Şimdiden söyleyeyim, ne ben ne de karşı taraf (o da evli) asla ne cinsellik, ne temas yaşamadık. Bu iletişimi, -ilişki diyemeyeceğim çünkü asla bir ilişki değil- arkadaşlığı, enerjiyi, -adına ne derseniz artık- kirletecek hiçbir şey yapmadık. İkimiz de bir şeylerin farkındayız ama “imkansız bir aşk” deyip geçiyor gibiyiz. Gel gelelim aramızda dışardan bakanların bile anlayacağı görünmez bir enerji var. Yan yana geldiğimizde oluşan sihirli bir şey bu. Birkaç kez aynı ortamda denk geldiğimiz çok yakın arkadaşlarım “o neydi öyle, niye böyle baktı, niye öyle oldu, ne garipti” gibi sorular sordular ve hepsi bu görünmez tuhaf enerji yüzünden. Sanki şartlar elverseydi dünyadaki en uyumlu çift biz olurduk gibi hissediyorum. Ona hiç dokunmadım ama dokunursam ortalık alev alacak sanıyorum
Feriştahin fantezilerinden bir demet gibi.

Temas olmamış ta...
Enerjiymiş tee...
Ortalık alev alırmış...

Masal anlatmayin lütfen, coğunluğumuz bunlara inanmayacak yaşların üstündeyiz.
Böyle hisleriniz varken, hâlâ bu insanla görüşmeye devam ediyorsanız, düpedüz eşinizi aldatiyorsunuz.
 
Son düzenleme:
Fazla romantize etmişsin yaşadığın duyguyu ama neresinden bakarsan bak yanlışsın. Adamın sana kapılıp eşinden ayrılacağını mı düşünüyorsun? En fazla birkaç gecelik "kaçamağı" olursun. Yazık eşine
 
Bugün, aylardır yaşadığım karmaşık duygularıma bir isim koymak, bir nokta koymak, belki de bir virgül koymak için, yargılanmadan bir destek alabilir miyim şansımı denemek için kendime bile itiraf etmekte zorlandığım bir sırrımı, kalbimi açıyorum sana.

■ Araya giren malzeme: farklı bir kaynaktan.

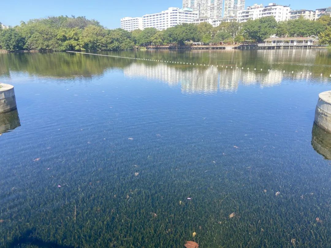 流花湖治理后主要水質(zhì)指標總磷、氨氮、COD、BOD5均已達到國家地表水Ⅳ類標準,透明度清澈見底,水下森林清晰呈現(xiàn),形成了良性的生態(tài)自我修復系統(tǒng),完美的呈現(xiàn)“水清、景美、人和”流花湖生態(tài)景觀。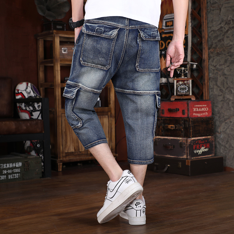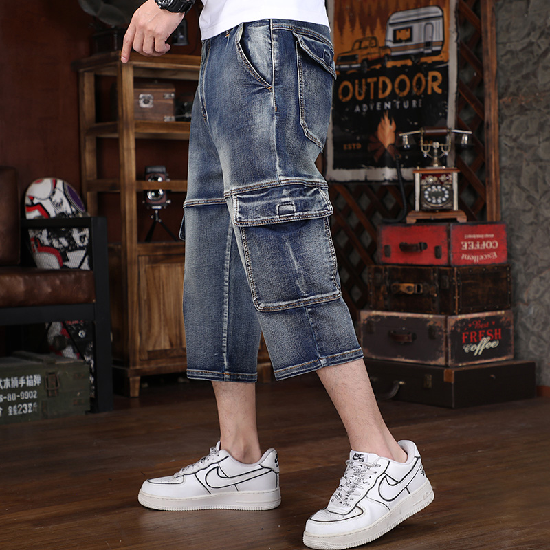 潮牌夏季 男宽松直筒外穿7分中裤 2025 七分牛仔短裤 弹力多口袋工装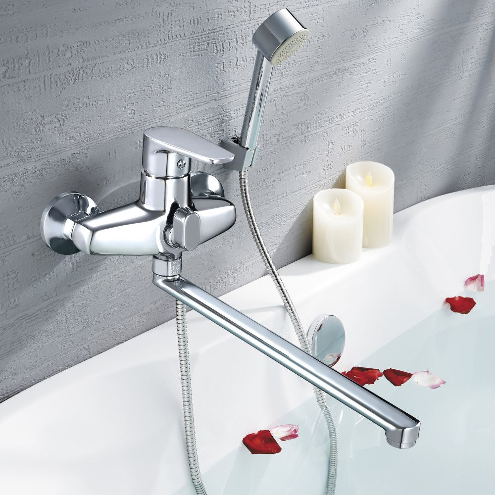 Комплектация: смеситель, душевая лейка, настенный держатель душевой лейки, душевой шланг, эксцентрики, декоративные отражатели;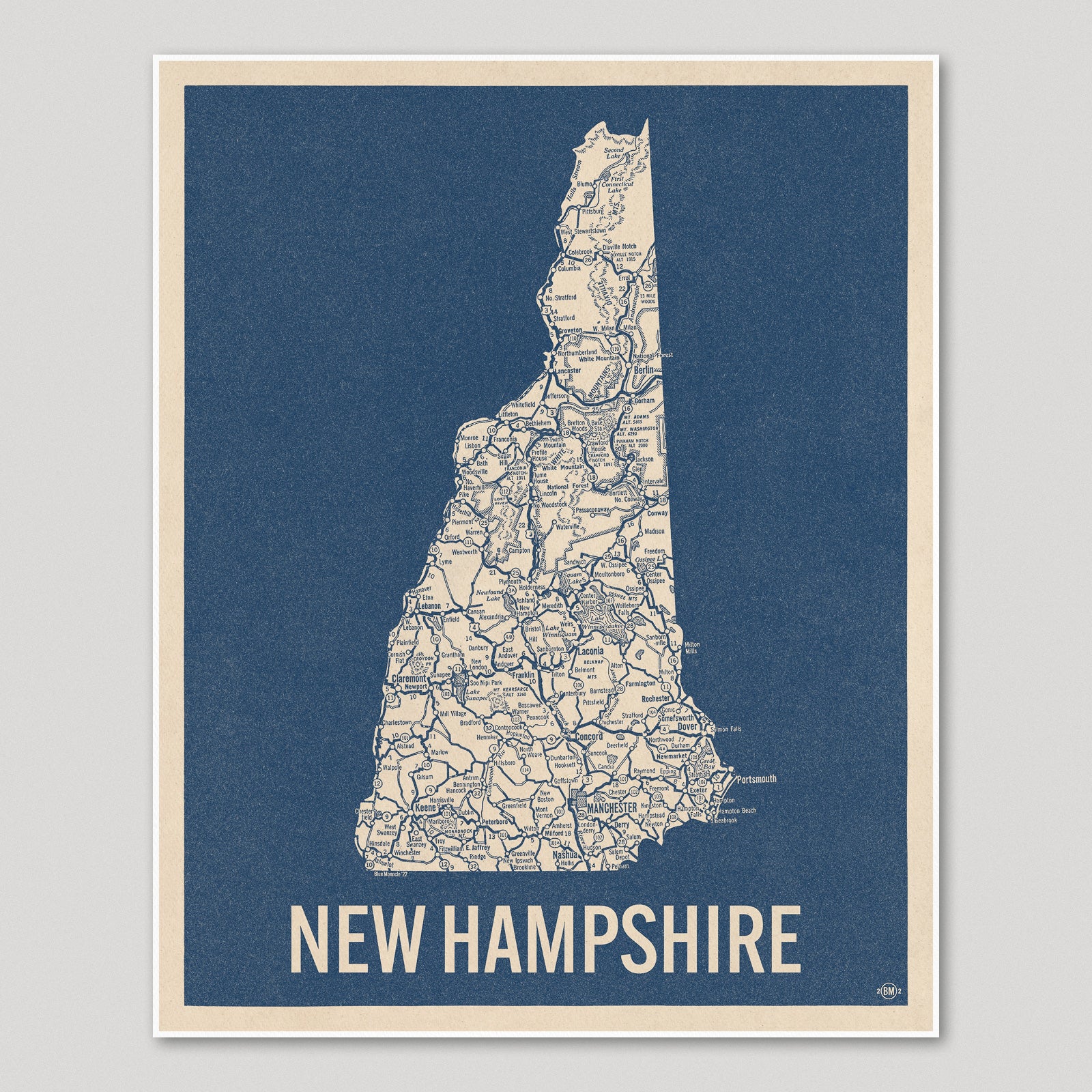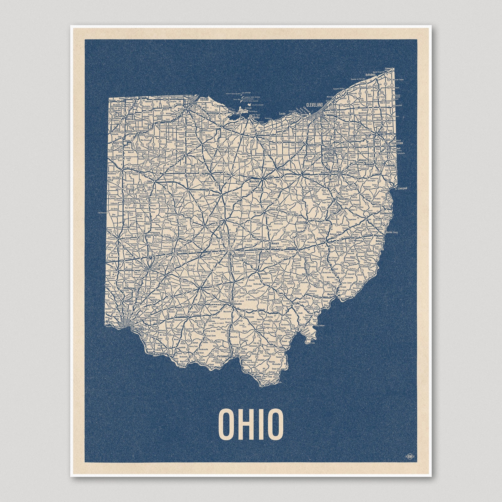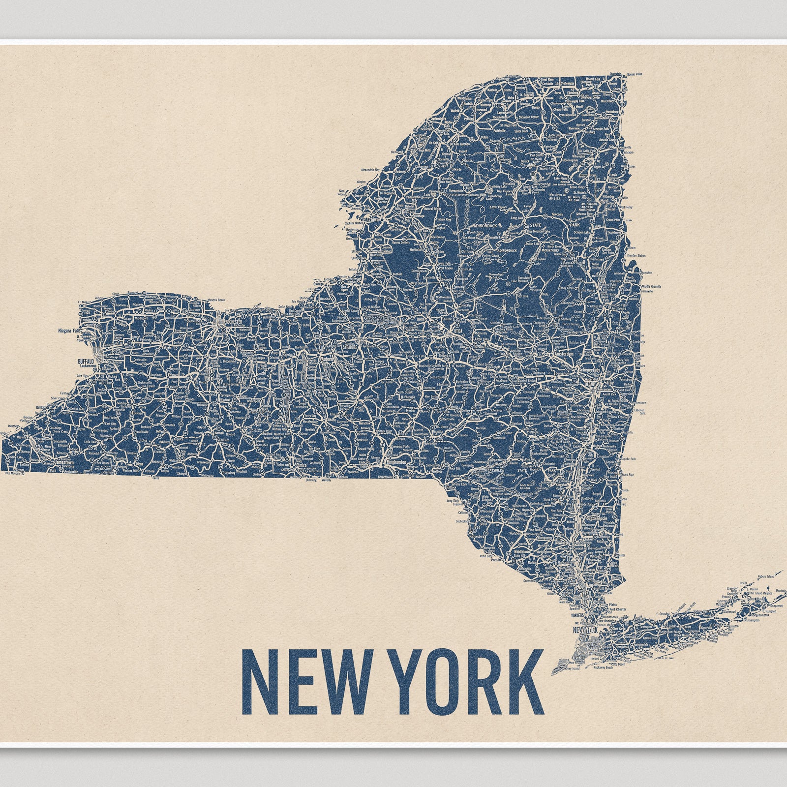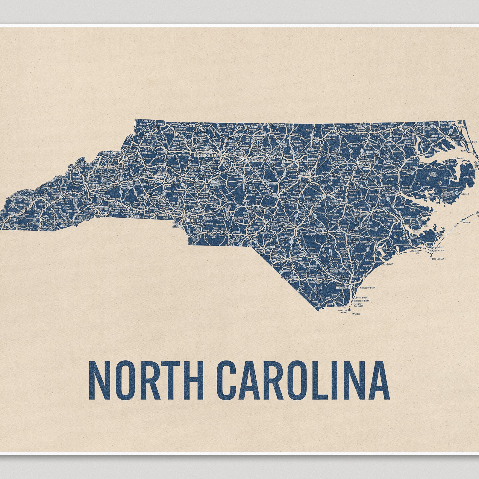 These map prints are a kind of hybrid of old and new, vintage and modern. The details are based on a 1930s highway maps, but the presentation is much more modern (almost minimalist) with bold use of only two colors – beige and dark blue – to make the state pop out of its frame. At the same time, these two colors evoke a more traditional, almost rustic style that works well in most styles of home decor.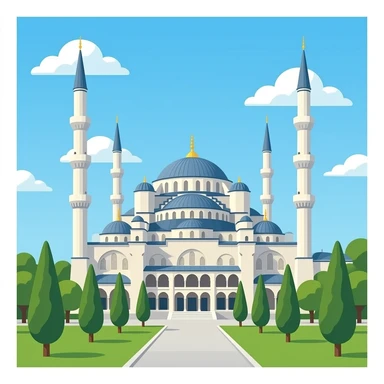 mosque silhouette with dome and minarets, soft blue and white, emoji style emoji

32 yaşında, kendi şirketi olan çok iyi kazanan bir kadınım. 10 yıldır evliyim. Çocuğumuz yok. Mutlu, dışardan çok imrenilen bir evliliğim var. Cinsel hayatımız iyi sayılır, maddi hiçbir sıkıntımız yok, eşim kısıtlamaz, darlamaz, seviyemizi, saygımızı hiç bozmayız, her şeyi konuşabiliriz, sosyaliz, gezer, yurtdışında tatiller yaparız. Eşimin ailesi bana tapıyor, bir şeyi ima bile etsem anında yaparlar. Yani aslında her şey yolunda görünüyor.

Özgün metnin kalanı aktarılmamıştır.